▶ **What you should do**
The reply needs the lines from the one containing "今日最新疫情实时消息 河南1" through the end of the material, each repeated exactly, and no pictures.

▶ **Information provided**

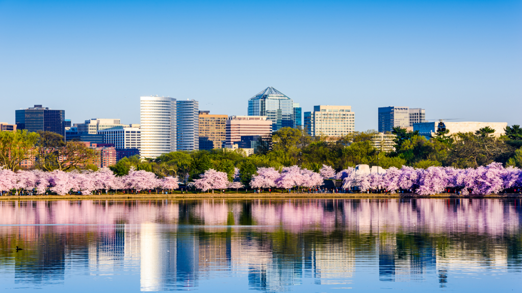 アメリカ合衆国の首都で、メリーランド州とヴァージニア州に挟まれたポトマック川河畔に位置する小さめの都市。ここは全米50州のどの州にも属さない、連邦政府直轄の地区として出来上がった町。特別行政区には連邦政府の立法、行政、司法の機能だけが存在し、住民のほとんどが公務員と弁護士と言われている。
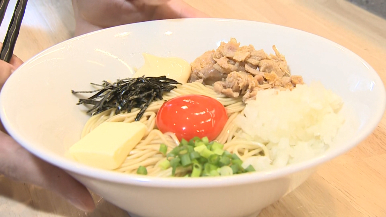 よく混ぜ合わせることで鶏チャーシューの旨み、たまごとバターのコクが麺に絡み、アクセントの玉ねぎや海苔が味に奥行きをプラスしてくれます。
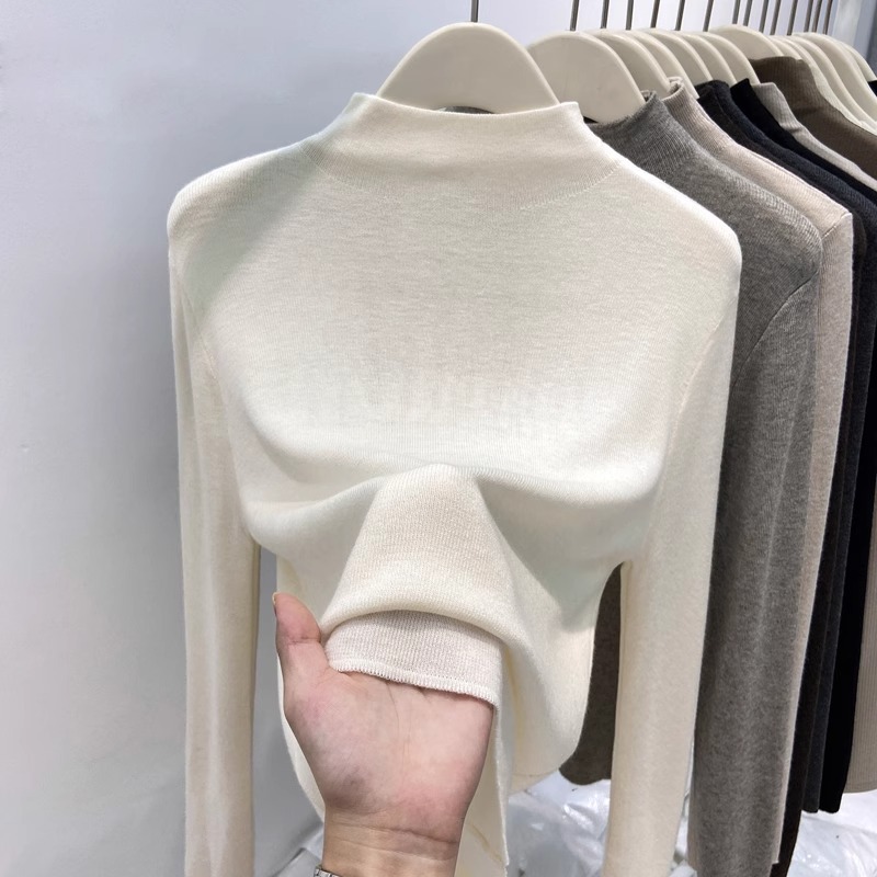 반 높이 칼라 봄과 가을 부드러운 왁스 얇은베이스 셔츠 여성의 2025 새로운 슬림 핏 서양식 미드 넥 스웨터 이너 탑스토어 가기
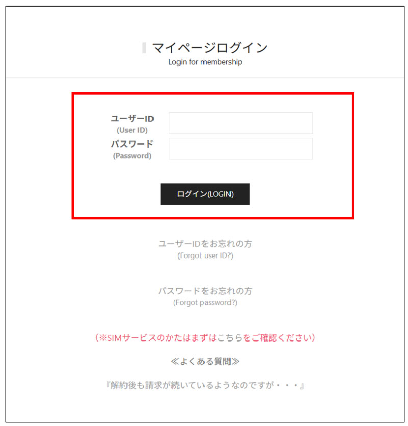 - 申込用紙に記載の「ユーザーID」と「パスワード」でログインしていただきます。
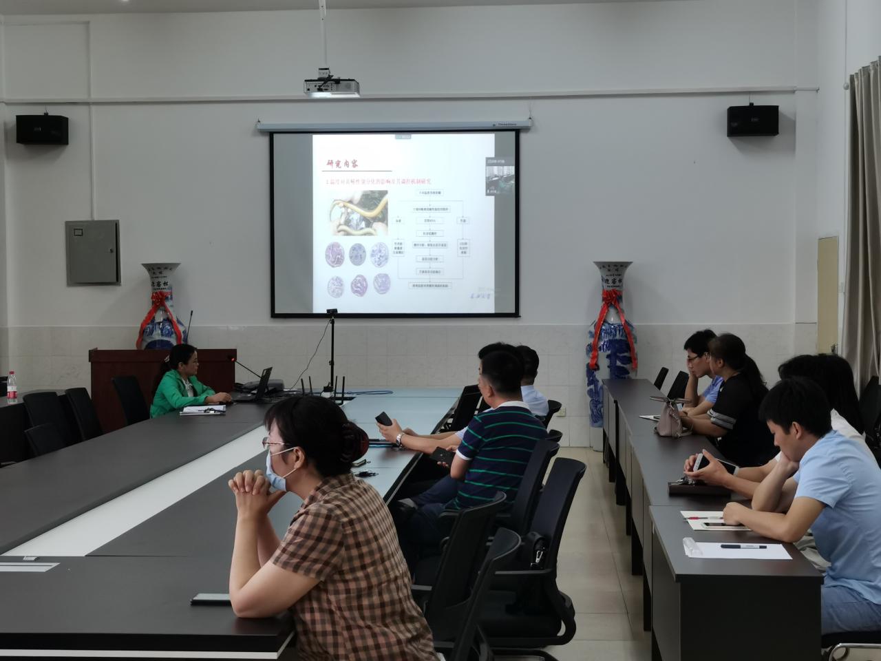 7月16日上午由动科系系主任李伟国老师主持,优秀研究生代表王后坤(指导教师:杨玉莹教授)、李先强(指导教师:王家乡教授)、陈融(指导教师:郭利伟副教授)、赵梦杉 (指导教师:杨丰利副教授) 做科研介绍,师生就相关问题充分讨论。
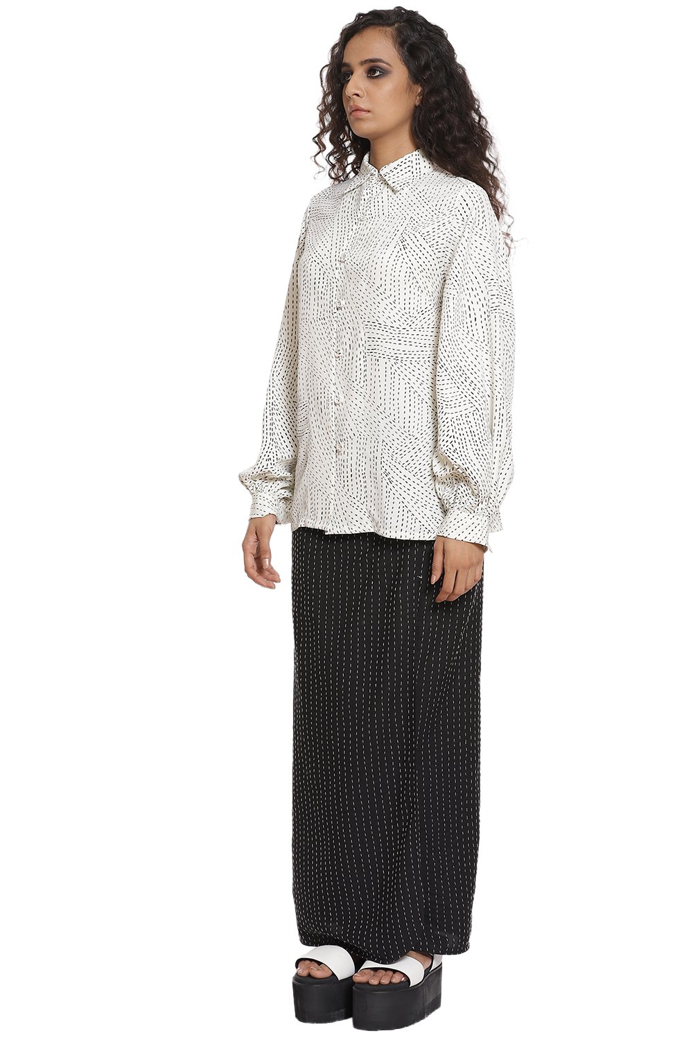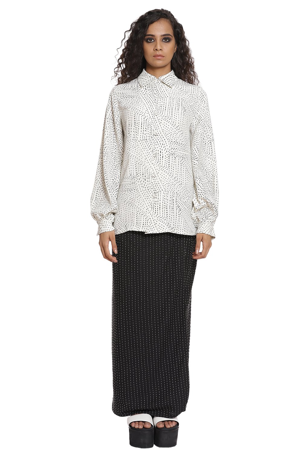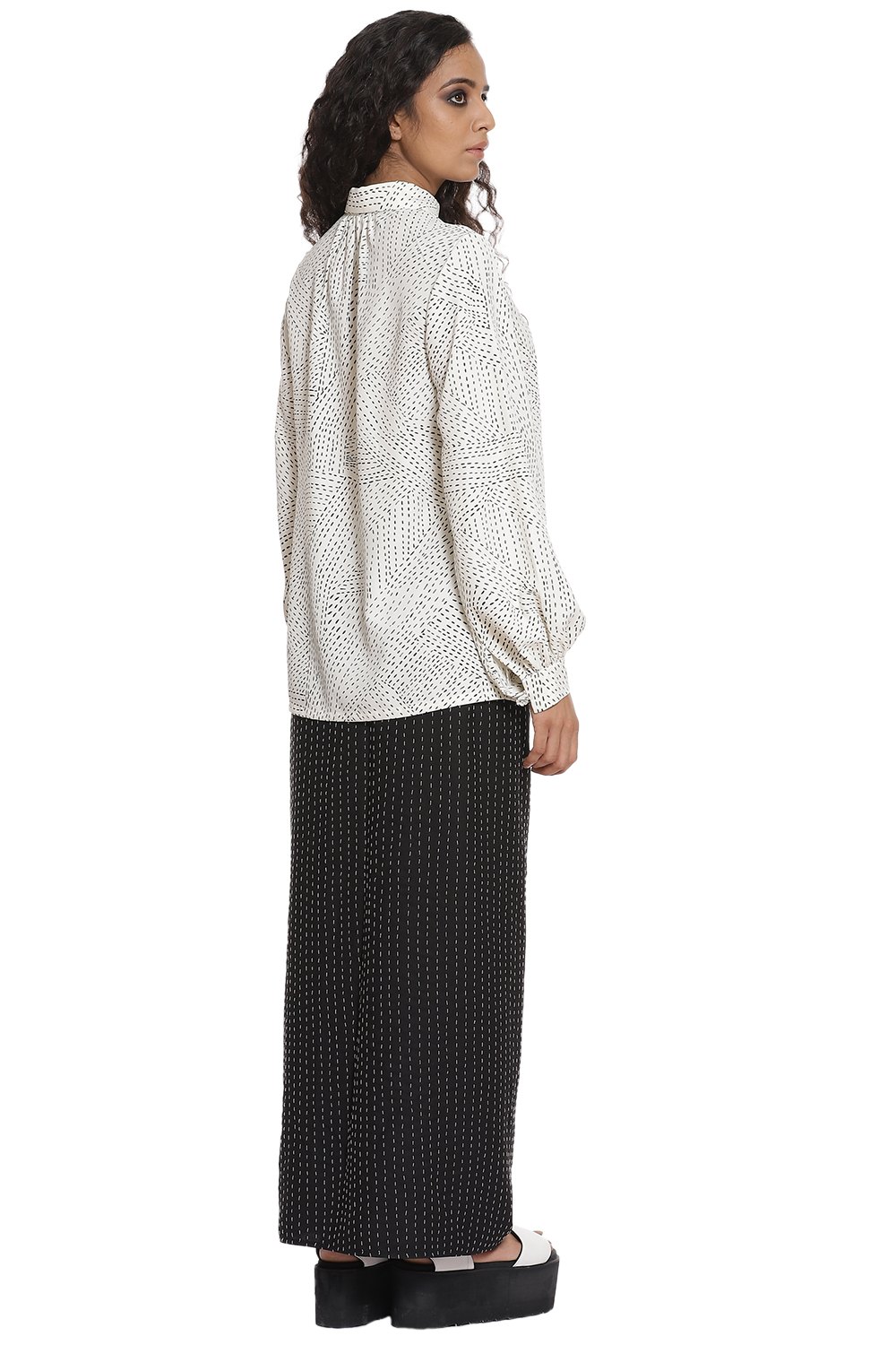Kantha print Shirt with baloon sleeves in ivory and black. Crafted from R-ELAN green gold fabric in a crepe structure.
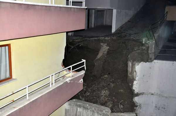 İki binadaki vatandaşların ve otoparktaki araçların olay yerinden uzaklaştırılmasının ardından, toprak kayması meydana geldi. Toprak kayması sonucu zemini boşalan binanın istinat duvarı yaklaşık 10 metre yükseklikten bitişikteki aparmanın üzerine devrildi. Yan binadaki bir dairenin balkonu ve dış duvarı, üzerine yıkılan istinat duvarı nedeniyle çöktü.
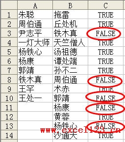 回車后雙擊填充柄,將公式填充到C2:C14區(qū)域。可以看到重復(fù)的數(shù)據(jù)在C列中都顯示為“FALSE”,而不重復(fù)的數(shù)據(jù)都顯示為“TRUE”。
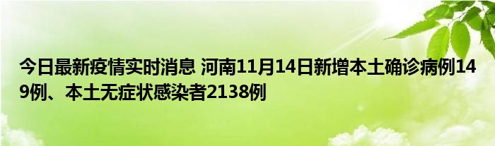 今日最新疫情实时消息 河南11月14日新增本土确诊病例149例、本土无症状感染者2138例
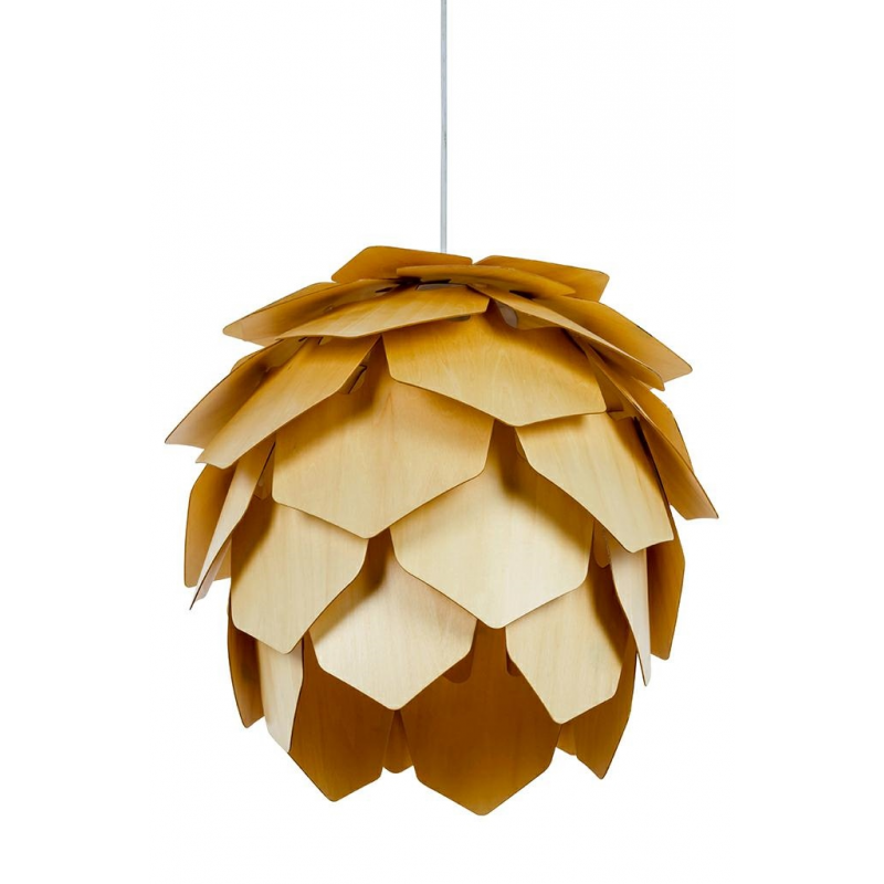Lampa wisząca SZYSZKA CONO 43.W całości wykonana została ze sklejki w kolorze naturalnego drewna.Oprawa kształtem przypomina szyszkę, co wprowadza do aranżacji leśny klimat.Światło: E27 max. 40 W (brak w zestawie)Oprawa: wys. 250 cm / szer. 40 cm / gł. 40 cmKlosz: wys. 40 cm / szer. 40 cmMocowanie: śr. 8 cm / wys. 3,5 cmPrzewód: 210 cmMontaż: instalacja sufitowaWaga netto: 7 kg.
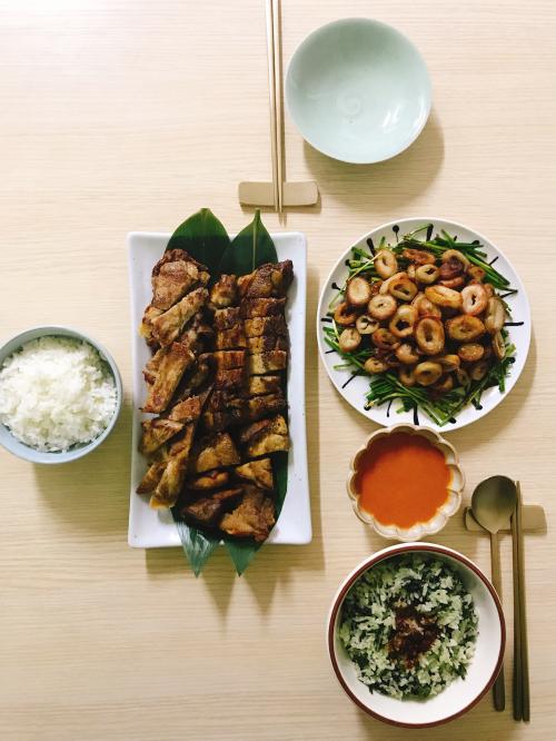 목요일은 저녁 7시 넘어 집에 들어오는 날이라, 간단히 식사만 하려고 했는데, 급 친정식구들 방문으로 고기만 넉넉히 구워 봤어요.
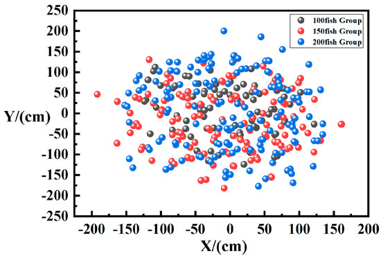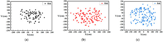 Horizontal distribution maps of fish. (a) Horizontal distribution of 100 fish; (b) Horizontal distribution of 150 fish; (c) Horizontal distribution of 200 fish.
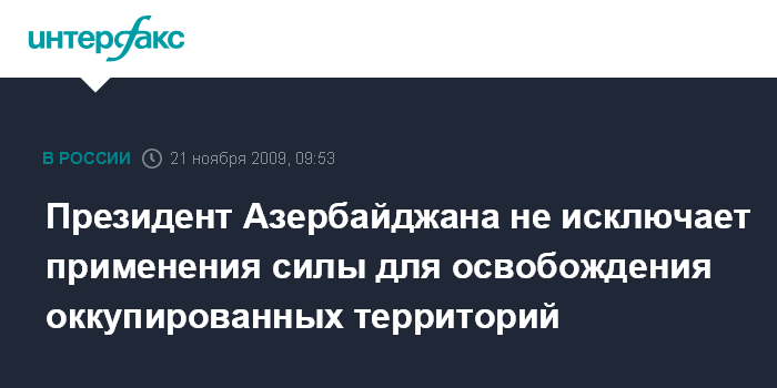 Президент Азербайджана не исключает применения силы для освобождения оккупированных территорий

▶ **The answer**
 今日最新疫情实时消息 河南11月14日新增本土确诊病例149例、本土无症状感染者2138例
Lampa wisząca SZYSZKA CONO 43.W całości wykonana została ze sklejki w kolorze naturalnego drewna.Oprawa kształtem przypomina szyszkę, co wprowadza do aranżacji leśny klimat.Światło: E27 max. 40 W (brak w zestawie)Oprawa: wys. 250 cm / szer. 40 cm / gł. 40 cmKlosz: wys. 40 cm / szer. 40 cmMocowanie: śr. 8 cm / wys. 3,5 cmPrzewód: 210 cmMontaż: instalacja sufitowaWaga netto: 7 kg.
 목요일은 저녁 7시 넘어 집에 들어오는 날이라, 간단히 식사만 하려고 했는데, 급 친정식구들 방문으로 고기만 넉넉히 구워 봤어요.
 Horizontal distribution maps of fish. (a) Horizontal distribution of 100 fish; (b) Horizontal distribution of 150 fish; (c) Horizontal distribution of 200 fish.
 Президент Азербайджана не исключает применения силы для освобождения оккупированных территорий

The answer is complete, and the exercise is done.